John Burridge was Southampton's goalkeeper the day Shearer marked his full Football League debut as a 17-year-old YTS player with a hat-trick against Arsenal at the Dell in April 1988.

"Alan was in a crop of extremely good youth team players Dave Merrington was responsible for putting together. As well as Alan there were the Wallace brothers, Jeff Kenna, Francis Benali, Neil Maddison, Steve Davis and Gary Bull. Myself and Tim Flowers used to practise crosses with them and we always put Alan in the middle. He was so good I used to think, 'I'll have this little get'. So I clattered him one day, and he just kept coming back for more. It didn't bother him. I dived at his legs in training once and he hurdled over me. I shouted at him, 'Never jump over the keeper. Go for the ball. Put your foot in'. Well, I was playing for Falkirk four years later and Southampton came up for a friendly. Alan came in goal at me and gave me four stitches. He came up to me in the bar afterwards and said, 'You told me to do it'. I just smiled and said, 'Good lad'.

"As a goalkeeper what you fear about Alan is his sheer power and his determination. He sees the ball and the net. His nickname at Southampton was 'Shots' because he'd never pass. If he could see the goal he'd hit the ball. I can remember that game against Arsenal when he made his full debut. I was surprised. He showed no nerves. He was just like he is now. All of his success has not gone to his head. It's like what Kevin Keegan said about Alan: what you see is what you get. He's that type of lad."

The managers

Between them, Kenny Dalglish and Kevin Keegan paid pounds 18.3m to take Alan Shearer back to his native Newcastle from Southampon - via Blackburn.
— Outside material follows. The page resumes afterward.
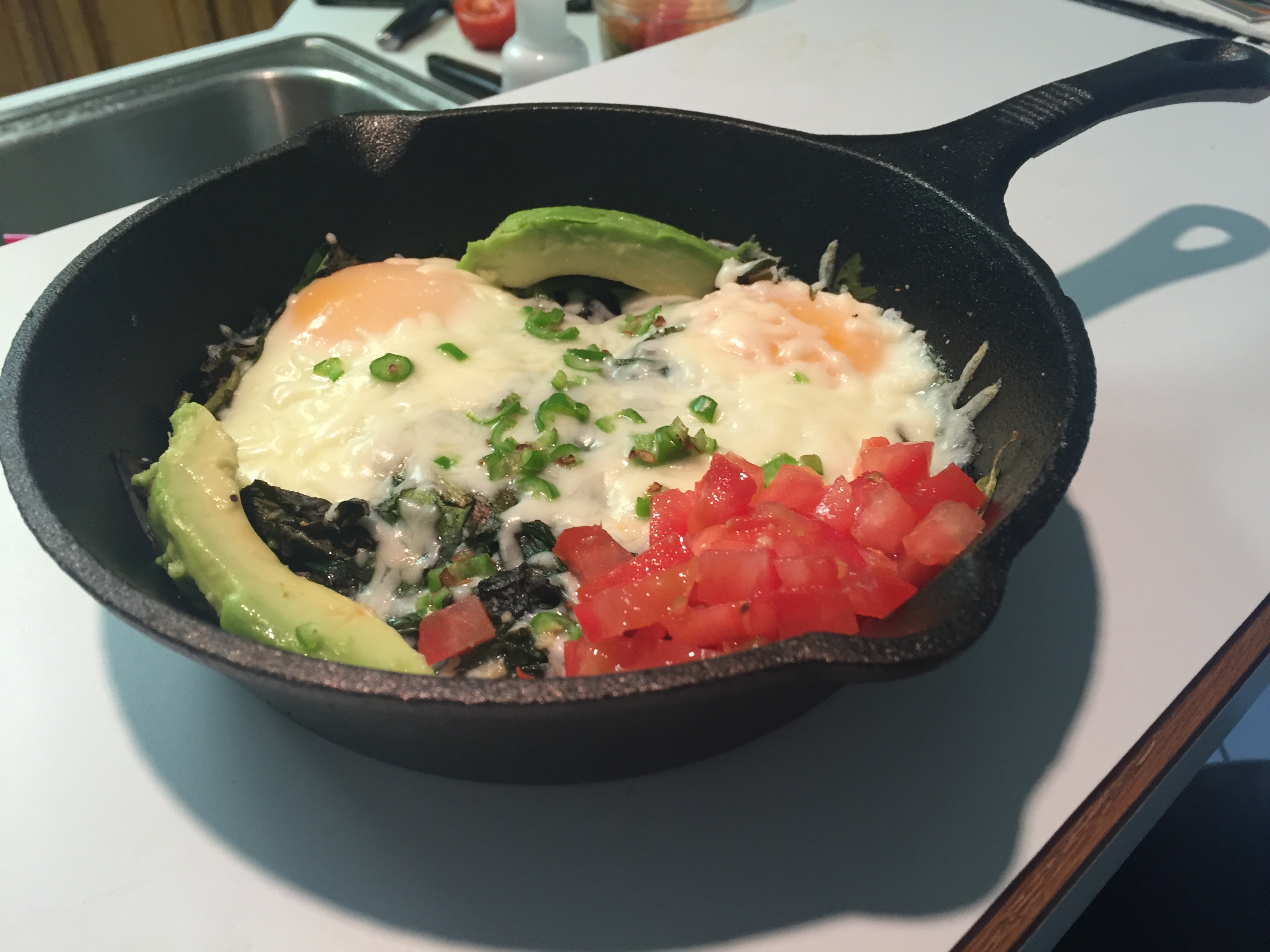 espolvorear el queso mozzarella sobre los huevos. Meterlo nuevamente al horno por otros 2 o 3 minutos para que gratine el queso. - Sazonar con sal y pimienta, decorar con el tomate, aguacate y chile serrano. ¡LISTO!

Keegan: "I was as animated as any fan at the ground when I watched the end of the Leicester game on television last Sunday and Alan Shearer went boom, boom, boom. What a player. What a man. What a signing. And for him to dedicate the hat-trick to me...Well, that was a nice, touching moment for an ex-manager.

I was as ecstatic as the Newcastle supporters when Alan said he wanted to come home last summer. We bought the best for the best. I signed some big-name players but none of them came any bigger or better than Alan Shearer. The man is a great player. I first tried to sign him just before he went from Southampton to Blackburn. He came on leaps and bounds at Blackburn. But he's only 26, with great, great days ahead of him. The lovely thing is he's going to enjoy those great days with Newcastle United. It's a wonderful prospect for the Newcastle supporters."

Dalglish: "What more can you say about Alan? I simply don't know. He's got the ability. He's had the plaudits. He's endured a bad injury. And yet he's remained a really nice fellow. He has kept his credibility and his hunger to be successful. Alan is genuine - down-to-earth but ambitious."